─── Data listing

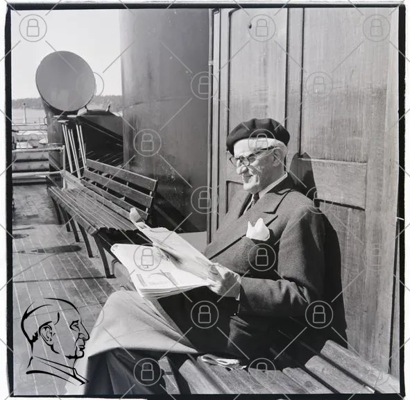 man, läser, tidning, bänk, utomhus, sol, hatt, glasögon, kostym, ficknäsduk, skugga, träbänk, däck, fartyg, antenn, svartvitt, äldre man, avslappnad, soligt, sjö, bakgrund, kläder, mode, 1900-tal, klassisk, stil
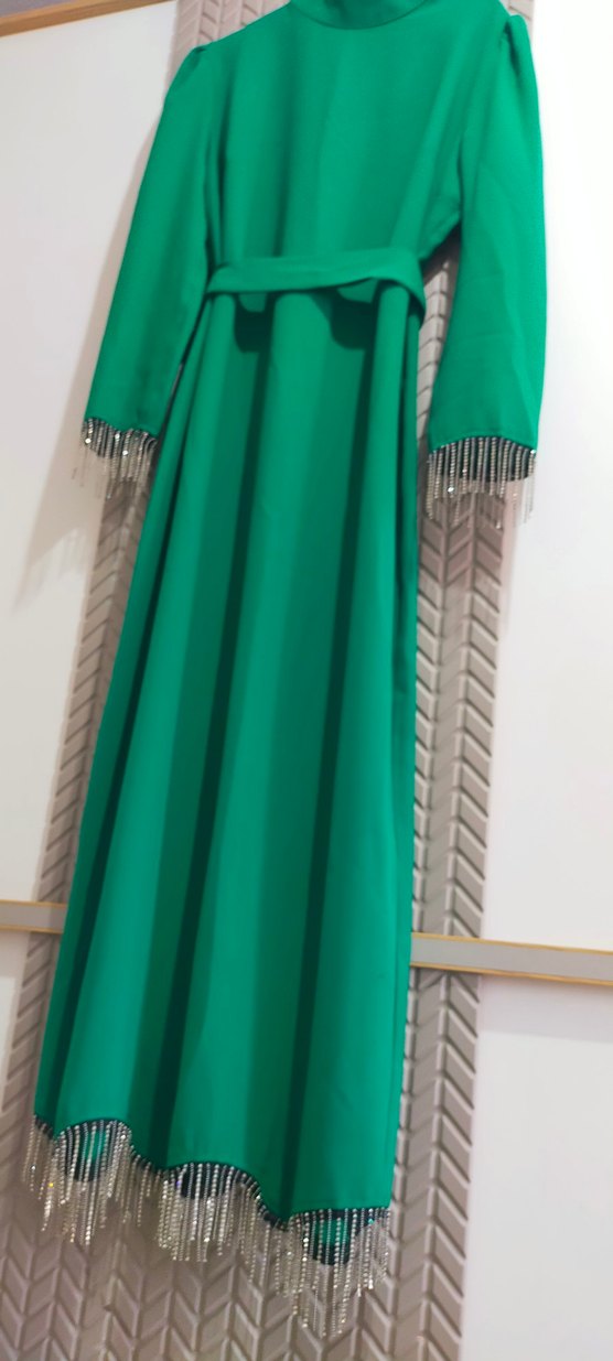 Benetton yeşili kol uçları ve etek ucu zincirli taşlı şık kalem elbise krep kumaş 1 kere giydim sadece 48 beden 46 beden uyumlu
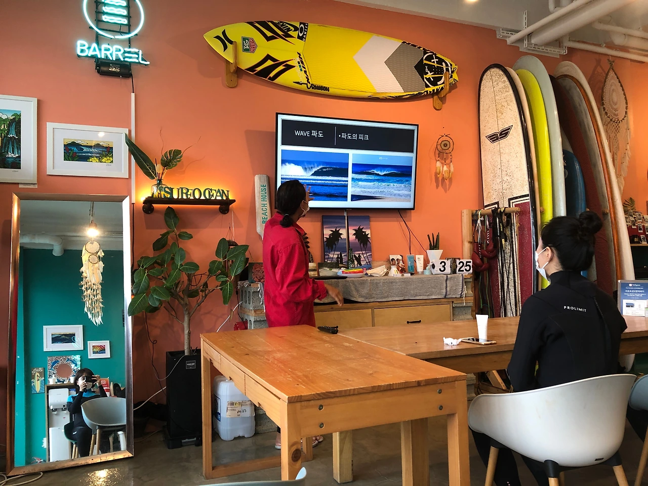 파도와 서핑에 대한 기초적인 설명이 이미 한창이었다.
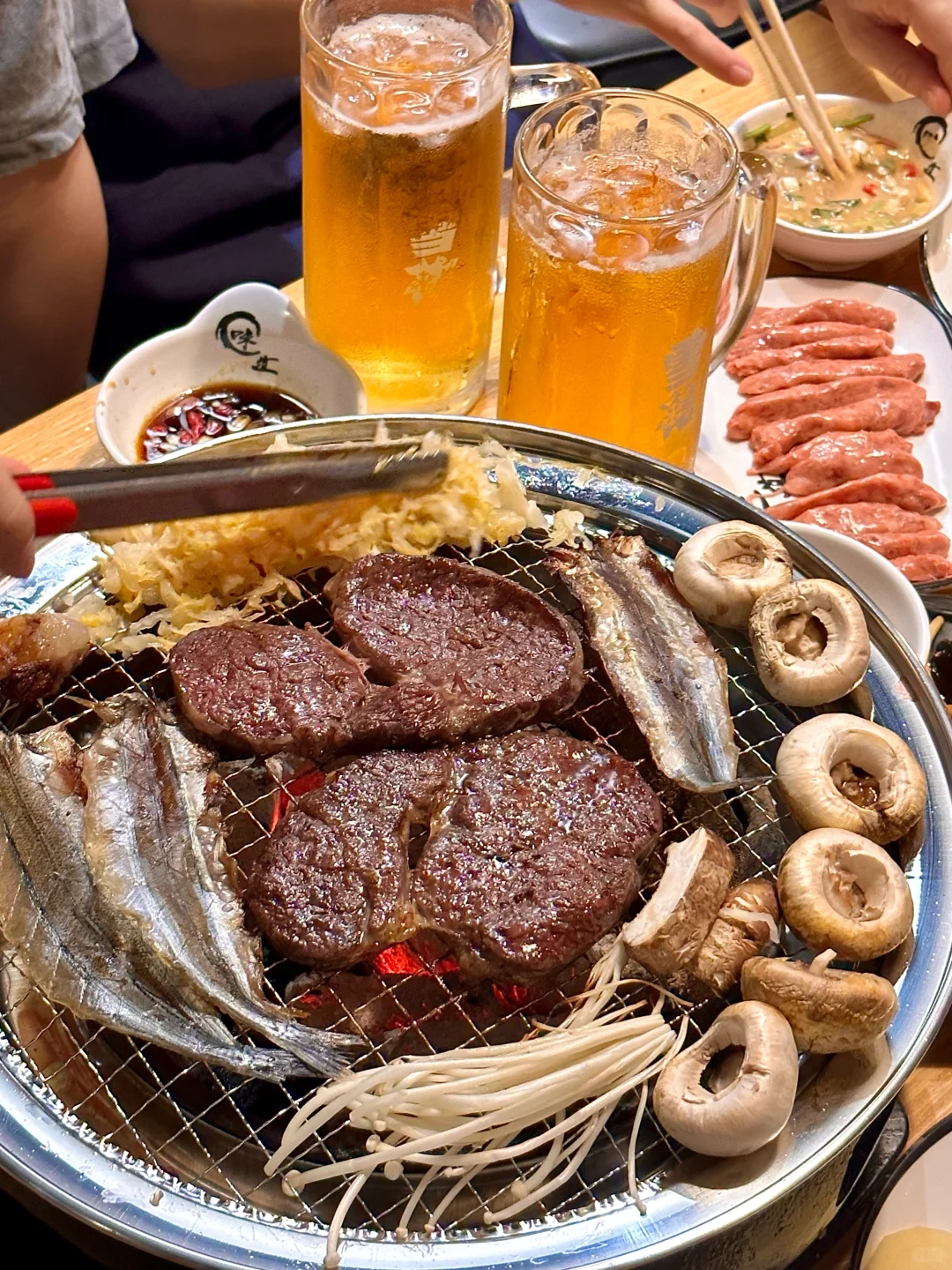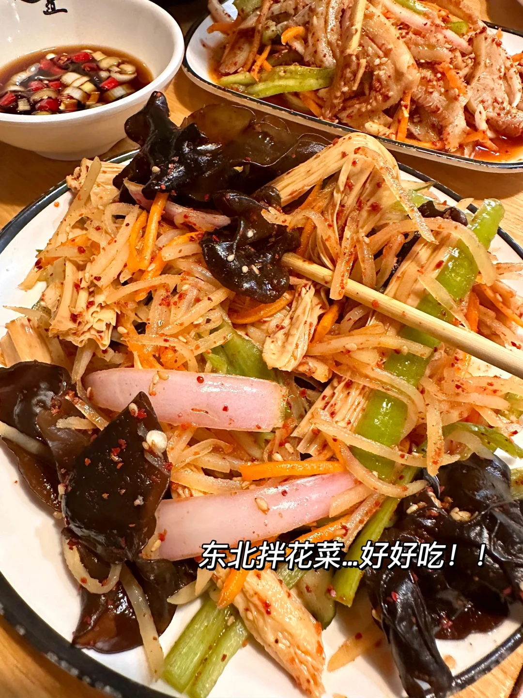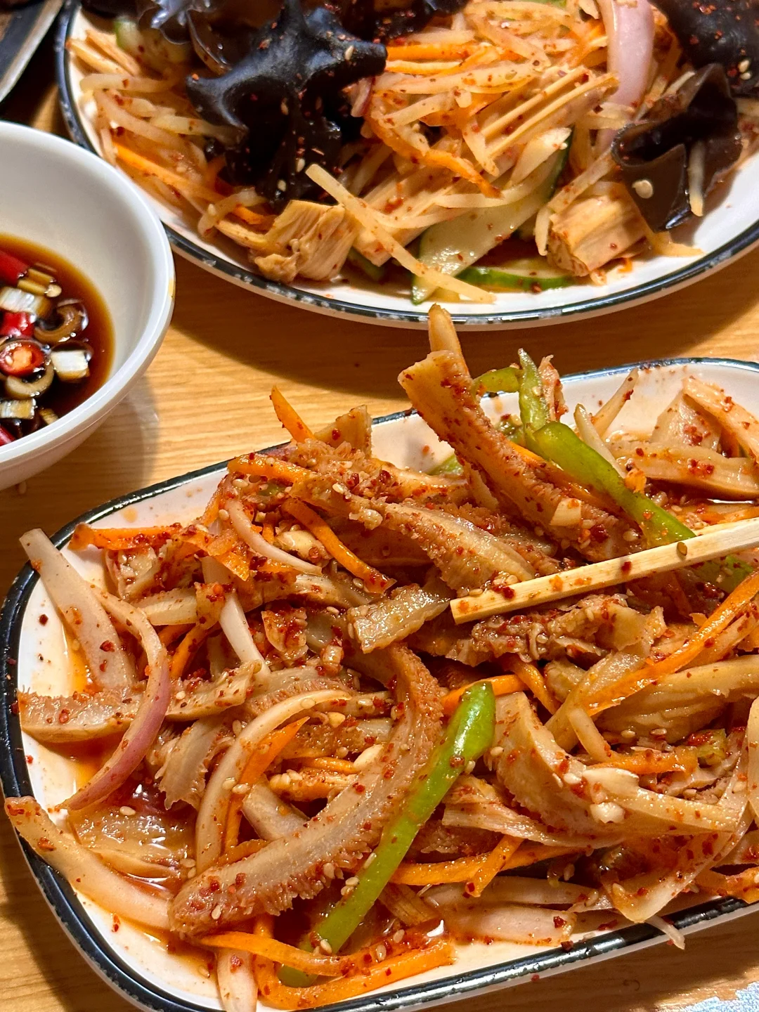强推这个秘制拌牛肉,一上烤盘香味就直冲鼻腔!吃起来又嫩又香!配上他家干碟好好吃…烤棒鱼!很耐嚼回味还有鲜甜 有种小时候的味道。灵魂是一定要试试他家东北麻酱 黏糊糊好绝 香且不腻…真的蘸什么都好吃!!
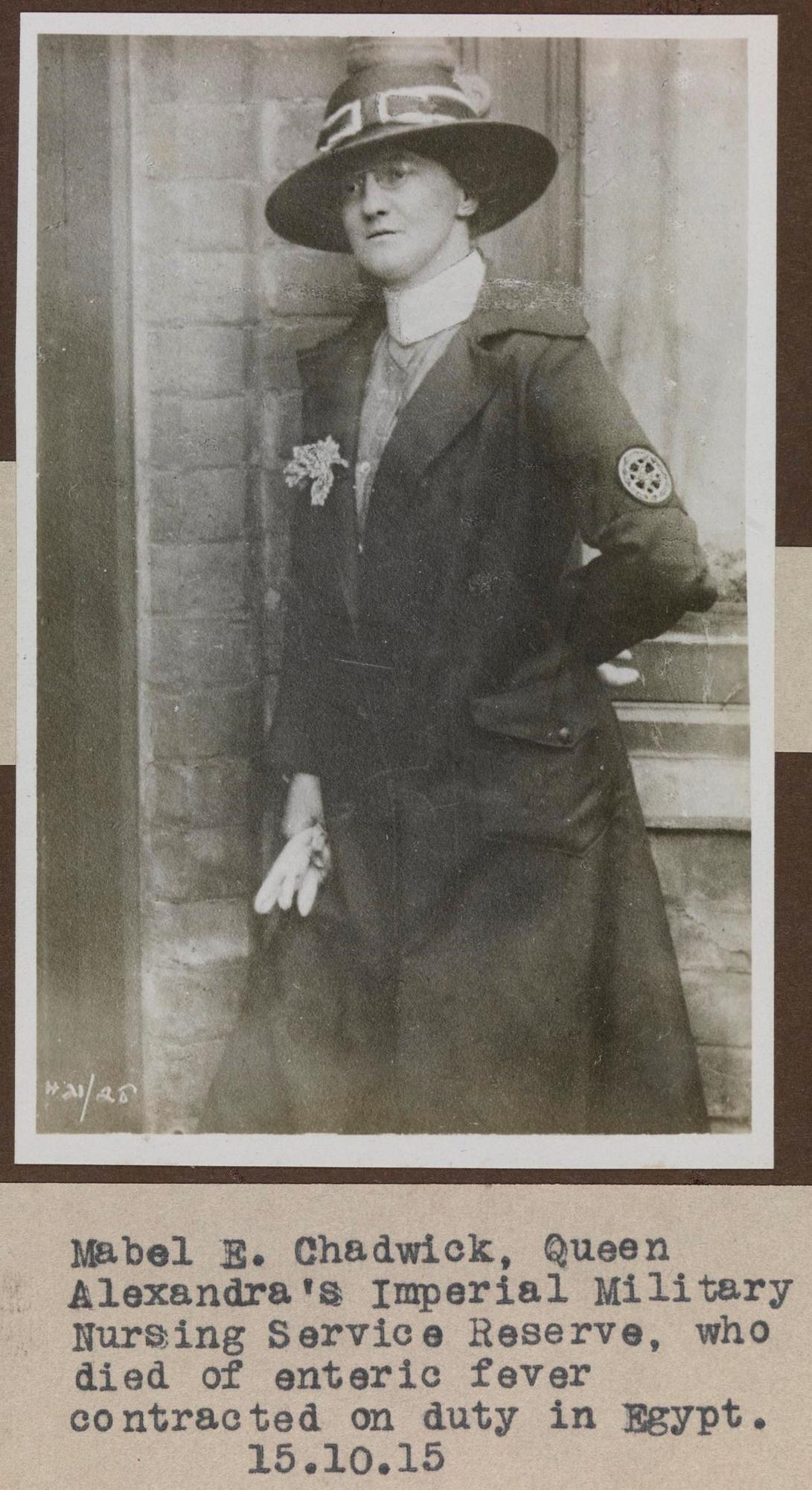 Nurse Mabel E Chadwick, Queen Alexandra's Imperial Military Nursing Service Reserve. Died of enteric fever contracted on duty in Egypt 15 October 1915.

──────

- Exercise goal
An exact copy of the listing is required, with every image removed.

- Result for this exercise
 man, läser, tidning, bänk, utomhus, sol, hatt, glasögon, kostym, ficknäsduk, skugga, träbänk, däck, fartyg, antenn, svartvitt, äldre man, avslappnad, soligt, sjö, bakgrund, kläder, mode, 1900-tal, klassisk, stil
 Benetton yeşili kol uçları ve etek ucu zincirli taşlı şık kalem elbise krep kumaş 1 kere giydim sadece 48 beden 46 beden uyumlu
 파도와 서핑에 대한 기초적인 설명이 이미 한창이었다.
强推这个秘制拌牛肉,一上烤盘香味就直冲鼻腔!吃起来又嫩又香!配上他家干碟好好吃…烤棒鱼!很耐嚼回味还有鲜甜 有种小时候的味道。灵魂是一定要试试他家东北麻酱 黏糊糊好绝 香且不腻…真的蘸什么都好吃!!
 Nurse Mabel E Chadwick, Queen Alexandra's Imperial Military Nursing Service Reserve. Died of enteric fever contracted on duty in Egypt 15 October 1915.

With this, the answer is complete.